As I get older, I become less interested in coming across as an infallible DM. If I was flattering myself I would say this is because I have become more secure; if I was being more realistic I might admit that I just give less of a shit than I used to about most things, as is true for all of us once we hit 40.
This means my approach to gaming has become much more relaxed over time. I don't mind "breaking the fourth wall" where required. If I've made a mistake I'll usually own up to it. If I'm not sure what a rule is, I'll often ask the players. If I've forgotten something, I'll have them remind me. We're just playing a game; I'm not the pope.
(This mirrors what I've found after years of working in education. Young teachers, lecturers, assistant professors and so on will spout all manner of convoluted nonsense, and become red-faced and flustered in the process, in order to avoid admitting they don't know the answer to a student's query. Experienced hands are happy to say, "I don't know, but I'll look it up for next time." [If they're really boxing clever, they'll say, "I don't know, and your homework is to go away and see if you can get the answer for next week's class."])
The question of take-backs, though, is one I find tricky. The latest excellent post on Against the Wicked City is about those game-ruining powers of which the PCs can sometimes fall into possession: things like at-will high-speed flight, non-corporeality, mind control, and so on. Is it ever legitimate for a DM to say to the players: "This power you now have is ruining the game by making everything too easy and I should never have made it possible to have it. Let's say that tomorrow you wake up and it mysteriously no longer works"?

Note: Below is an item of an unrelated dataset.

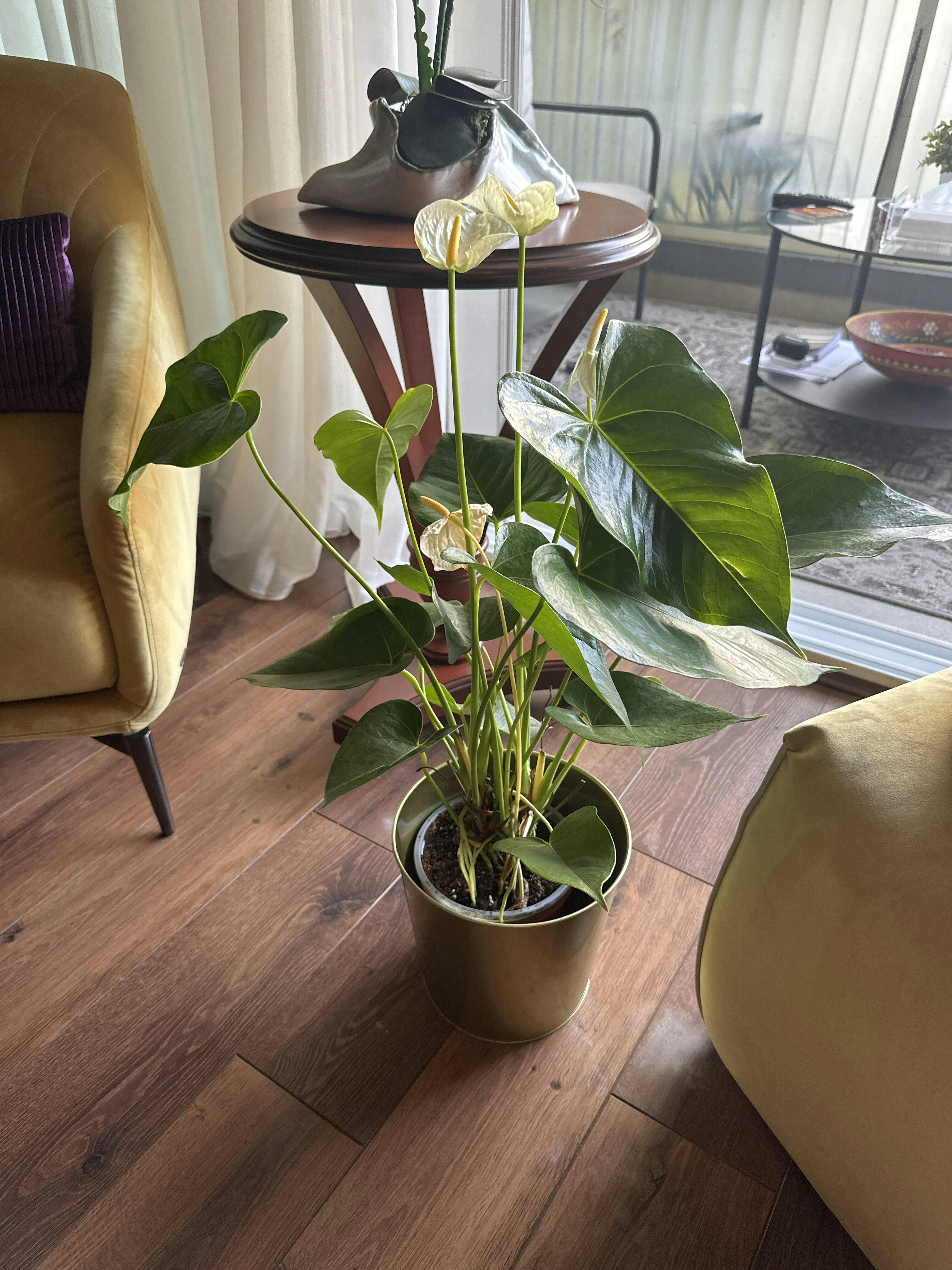 Rare and luxurious indoor plant known for its striking, white blooms. Its glossy, dramatic flowers and elegant green foliage make it a stunning statement piece in any modern home or office.

This question is somewhat apropos. In my weekly campaign, the PCs have managed to get their hands on a limited form of telepathic communication (complicated because of the involvement of a third party), that almost functions like a radio operable up to infinite distance. Not apparently game-ruinous yet, but one can envisage it having such an effect. I was grateful to the players that they said, as soon as it became obvious that the strange combination of NPC allies and items that had come into their possession suddenly made an infinite walkie-talkie power possible, that they were happy for this power to somehow be revoked if it proved game-ruinous. But what if they hadn't?
I am a big proponent of giving the players agency. But at what point does agency end? At what point does it become legitimate to say, "The demigod of storms has risen in the East and now nobody can fly at will any more"?